A single, steady breath.
Then another.
Lucius focused.
The Twilight Qi within him was denser now—thick as smoke trapped in glass. Yet every attempt to control it, to refine it, left his channels scorched and his core fractured. The Twilight Qi devoured itself. His foundation was flawed.
He was dying slowly.
"Sever... its origin... not bind it."
Rengard's final words echoed like a curse. Lucius had believed Twilight Qi was a force to stabilize through cohesion. But every attempt proved the opposite. He could feel his qi resisting, recoiling every time he forced it to unify.
What did severance mean?
Collapsing back, Lucius pressed a palm to his chest, feeling the erratic pulse of his damaged core. His skin was cold. His breathing shallow.
"This... is failure."
Then came the voice—not from the chamber, nor from the Fang coiled within him, but from memory.
"Twilight is a paradox."
The voice of Yevdel.
Shadows stirred around him, coalescing into the silhouette of a figure clad in simple robes, blindfolded yet watching him without eyes. From the figure's raised palm spiraled thin strands of silver and black qi, coiling inward like a spiral before severing themselves strand by strand.
A Severance Spiral.
Lucius watched, unmoving, as the figure repeated the motion over and over.
Not binding.
Severing.
Carving away until only the essence remained.
The shadow of Yevdel spoke softly: "Refinement is denial, boy.
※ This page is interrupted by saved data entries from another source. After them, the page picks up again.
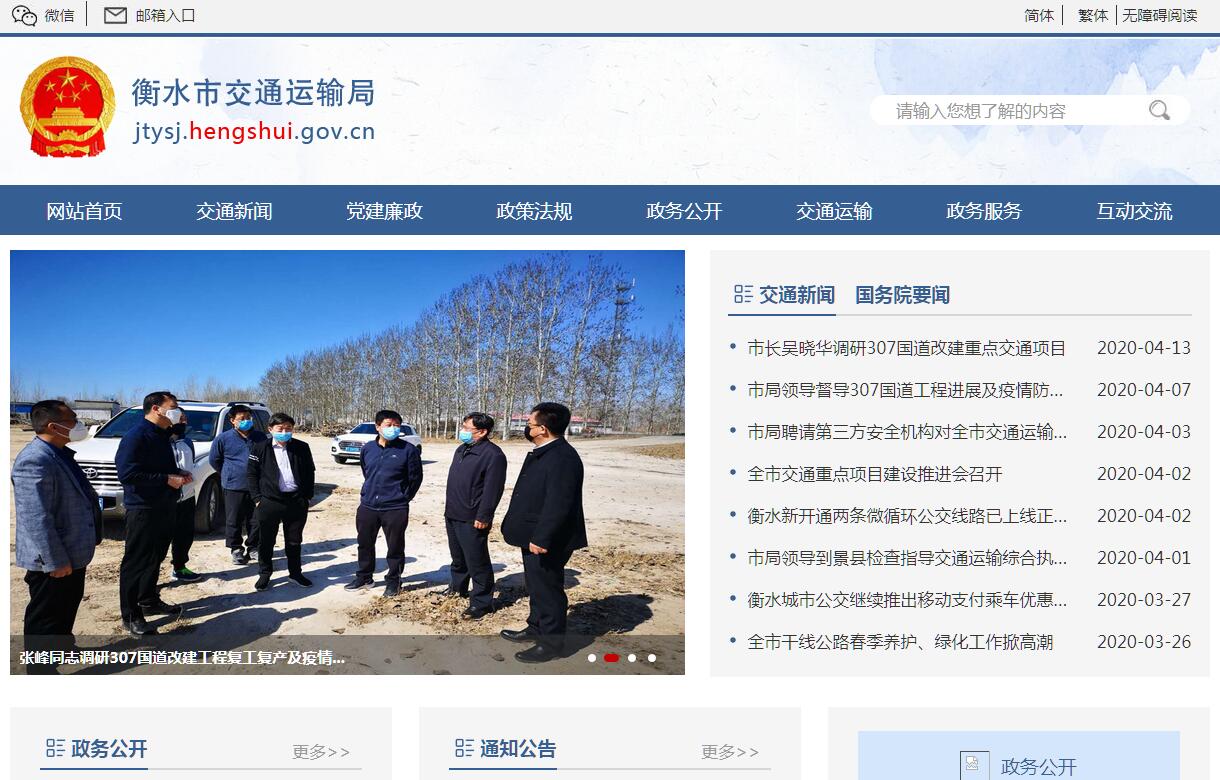 衡水市交通运输局主要职责:(一)承担全市综合运输体系的规划协调,会同有关部门组织编制全市综合运输体系规划,参与交通运输枢纽规划和管理。(二)组织拟订并监督实施全市公路、水路等行业规划和政策;参与拟订物流发展规划和有关政策并监督实施;指导公路、水路行业体制改革。(三)承担全市公路、水路运输市场监管责任;组织制订公路、水路运输有关政策并监督实施;指导道路运输行业管理;负责从事危险货物公路和水路运输人员资质认可;指导城乡客运及有关设施的规划与管理;指导出租车行业管理。(四)承担管辖水域内水上交通安全监管责任;指导地方海事管理和船员管理。(五)负责组织全市交通运输基础设施固定资产投资项目的提出、论证、申报和计划实施工作;负责交通国有资产管理和省、市交通专项资金的管理、使用;负责行业内部审计。(六)承担全市公路、水路建设市场监管责任;拟订公路、水路建设相关政策、制度并监督实施;组织公路及其设施的建设、养护和管理。负责公路、水路等有关重点工程建设、工程质量和安全生产的监管;负责全市交通基本建设项目招投标活动的监督管理;负责全市收费公路管理。(七)负责全市干线公路、水路安全生产和应急管理,指导全市地方公路安全生产和应急管理;组织协调国家、省、市 重点物资和紧急客货运输;负责市内干线重点公路运行监测和协调;承担国防交通战备工作;指导交通运输行业安全工作。(八)指导全市交通运输信息化建设,监测分析运行情况,开展相关统计,发布有关信息。指导公路、水路行业环境保护和节能减排。(九)负责监督全市交通运输行业科技政策落实,指导科技开发,推动行业技术进步;指导交通运输行业人员继续教育和职工培训;指导行业精神文明建设。(十)负责全市交通运输行业涉外事宜,指导利用外资。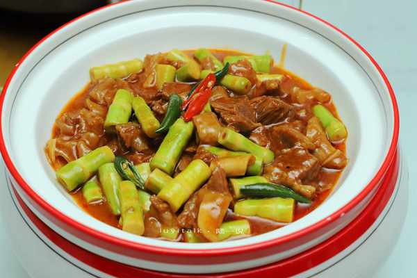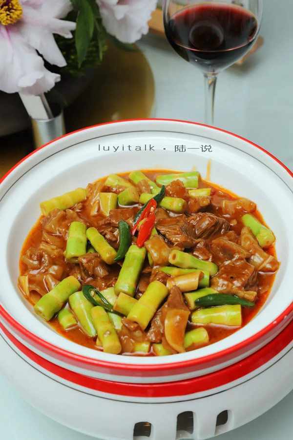 绿笋烧牛腩 大小一致的春笋切段,与牛腩配搭,周厨秘制的菌菇辣酱加持。笋鲜融合牛腩肉香,把浓郁在汤汁释放到极致,一勺浇饭,体验真正的一口入魂。绿笋爽脆,牛腩酥烂,连尽三碗,回味无穷。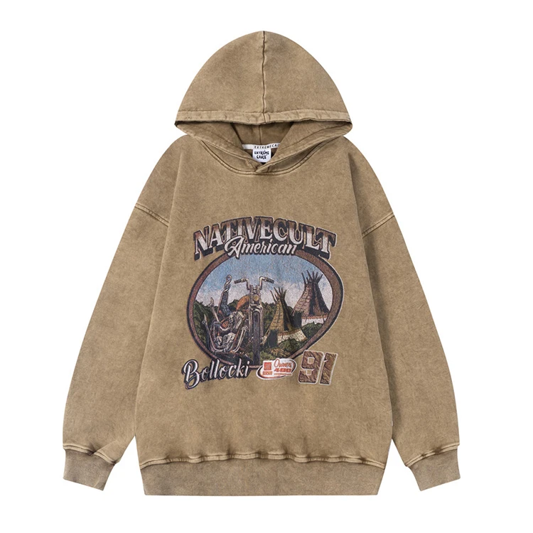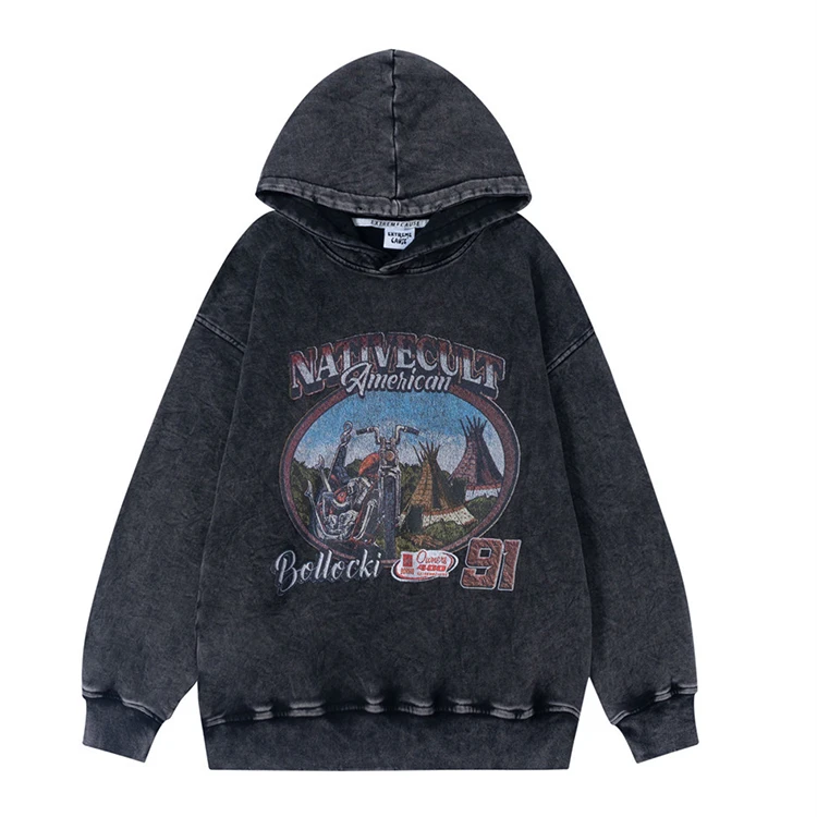 Custom Men's Vintage Wash Distressed Graphic Print Pullover Hoodie

Sever impurity. Sever hesitation."
And just like that, the figure vanished.
Lucius sat in silence.
Then, slowly, he rose.
He placed both hands upon his abdomen, fingers trembling, and began to guide his Twilight Qi inward.
No more force. No more unity.
Instead… a spiral.
He imagined the vortex.
He pictured his unstable qi dragged into the spiral's center—not bound together, but drawn forward only to be severed. Each loop of the spiral sliced impurities, isolating essence from chaos.
At first, the qi resisted.
His veins burned.
His core pulsed erratically.
Lucius gritted his teeth, ignoring the pain.
His spiral took form.
But on the second rotation—the spiral snapped.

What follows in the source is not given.